This article was produced in partnership with the Pulitzer Center on Crisis Reporting.
GUANTÁNAMO BAY, Cuba — The United States government on Thursday offered a $4 million reward for information on the whereabouts of a Sudanese man who was convicted of war crimes at Guantánamo, was repatriated in 2012 and is suspected of recruiting for Al Qaeda’s branch in Yemen.
It is believed to be the first case of the United States offering a reward for the whereabouts of a prisoner released from Guantánamo by the Obama administration.
In 2014, the United States similarly offered a reward for a Saudi man who had been held at Guantánamo but never charged and was released by the Bush administration in 2006. He was killed in a drone strike in 2015. The State Department declined on Thursday to say whether any money was paid.
The announcement by the State Department of the new bounty on Thursday offered up to $4 million for information on the location of the Sudanese man, Ibrahim al-Qosi, 59. He pleaded guilty at Guantánamo in 2010 to providing support for terrorism and Al Qaeda in exchange for his repatriation. The reward announcement described Mr. al-Qosi as a member of the leadership team of the Yemen-based Al Qaeda in the Arabian Peninsula.
Mr. al-Qosi, an accountant, kept the books for a business owned by the Qaeda founder Osama bin Laden in Khartoum in the early 1990s before Sudan expelled Bin Laden. Mr. al-Qosi then followed him to Afghanistan in 1996 where, the prisoner said in his guilty plea, he performed menial tasks at a Qaeda compound, including running its kitchen and sometimes serving as a driver.
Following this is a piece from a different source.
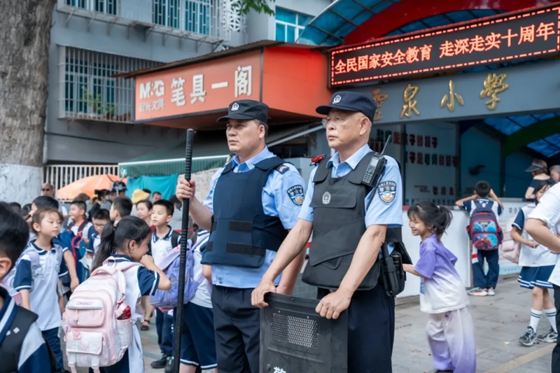 “警”心守護(hù)不止于此,為進(jìn)一步筑牢校園安全防線,靈泉派出所協(xié)調(diào)街道辦事處組織學(xué)校安保及群防群治力量參與值守護(hù)學(xué)崗,發(fā)動(dòng)老師、家長、保安和鄰校商鋪力量組建了435人的“校警家社”聯(lián)動(dòng)隊(duì),警力和保安駐守校門,家長志愿者、社區(qū)志愿者合力引導(dǎo),高峰時(shí)段合力護(hù)航學(xué)生上下學(xué)“平安路”。

Mr. al-Qosi also said he fired a mortar for a militia helping the Taliban fight the Northern Alliance but said he was not involved with and did not know in advance about the Sept. 11 terrorist attacks. He was captured in Pakistan in 2001 and was among the first detainees brought to Guantánamo, as a suspected Bin Laden bodyguard.
Three years after his repatriation, Mr. al-Qosi began appearing in videos and other publications of Al Qaeda in the Arabian Peninsula and, according to the State Department, “has encouraged lone-wolf attacks against the United States in online propaganda.”
Guantánamo today has 40 prisoners, including nine who have been convicted or face charges in the military commissions. The Bush administration released about 540 of the approximately 780 detainees it brought to Guantánamo starting in January 2002. The Obama administration transferred about 200 more.
A report to Congress by the Office of the Director of National Intelligence, which was released in June, said that this year the United States intelligence community had identified 67 living and at-large former Guantánamo prisoners who after being sent elsewhere engaged in terrorist or insurgent activities. Seven of them were released by the Obama administration.
The report said the intelligence community had identified another 78 at-large former Guantánamo prisoners who were suspected of engaging in terrorist or insurgent activities.